5. The composition of claim 4, wherein said polyglycolized glyceride contains a major fatty acid component of oleic or linoleic acid.

6. The composition of any of claims 1-5, wherein the non-aqueous carrier is selected from the group consisting of vegetable oils, mineral oils, medium to long chain fatty acids and alkyl esters thereof, propylene glycol diesters of medium to long chain fatty acids, mono-, di-, and triglyceryl esters of fatty acids, polyethylene glycols, and combinations thereof.

7. The composition of any of claims 1-5, wherein the amphipathic oil comprises 0.01% to 99% weight/volume of the composition.

8. The composition of claim 7, wherein the amphipathic oil comprises 1% to 80% weight/volume of the composition.

9. The composition of claim 8, wherein the amphipathic oil comprises 3% to 25% weight/volume of the composition.

10. The composition of any of claims 1-5, wherein the microcrystalline wax comprises 0.01% to 50% weight/volume of the composition.

11. The composition of claim 10 wherein the microcrystalline wax comprises 1% to 40% weight/volume of the composition.

12. The composition of claim 11 wherein the microcrystalline wax comprises 3% to 15% weight/volume of the composition.

13. The composition of any of claims 1-5, wherein the non-aqueous carrier comprises from 0.5% to 99% weight/volume of the composition.

14. The composition of claim 13, wherein the non-aqueous carrier comprises 10% to 95% w/v of the composition.

15. The composition of claim 14, wherein the non-aqueous carrier comprises from 40% to 90% w/v of the composition.

16. An article of manufacture comprising a container or delivery device having an oxygen permeable wall and further comprising the composition of any of claims 1-15 contained therein.

17. The product of claim 16, wherein said composition has extended chemical and/or physical stability by comparison to an otherwise similar reference composition lacking one or both of the amphipathic oil and the microcrystalline wax.

18. Use of the composition of any one of claims 1-15 for the manufacture of a medicament for treating or preventing a bacterial infection in a subject.

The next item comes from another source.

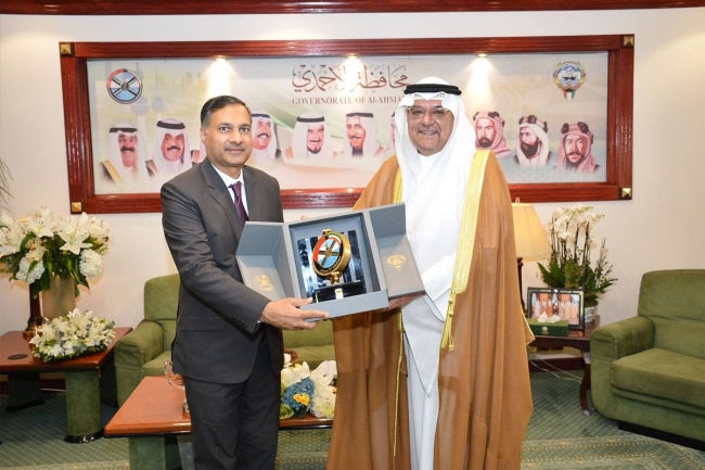 استقبل محافظ الأحمدي الشيخ حمد الحمود، في مكتبه بالديوان العام للمحافظة، سفير الهند لدى الكويت د. ادرش سويكا، حيث جرى التعارف، إضافة إلى بحث العلاقات

19. The use of claim 18, wherein the bacterial infection is present in the udder of a milk producing animal, and wherein the medicament is administered by intramammary infusion.

20. The use of claim 19, wherein the bacterial infection is manifested as mastitis.

21. The use of claim 19, wherein the bacterial infection is present in an ear, and wherein the medicament is administered by otic infusion or injection.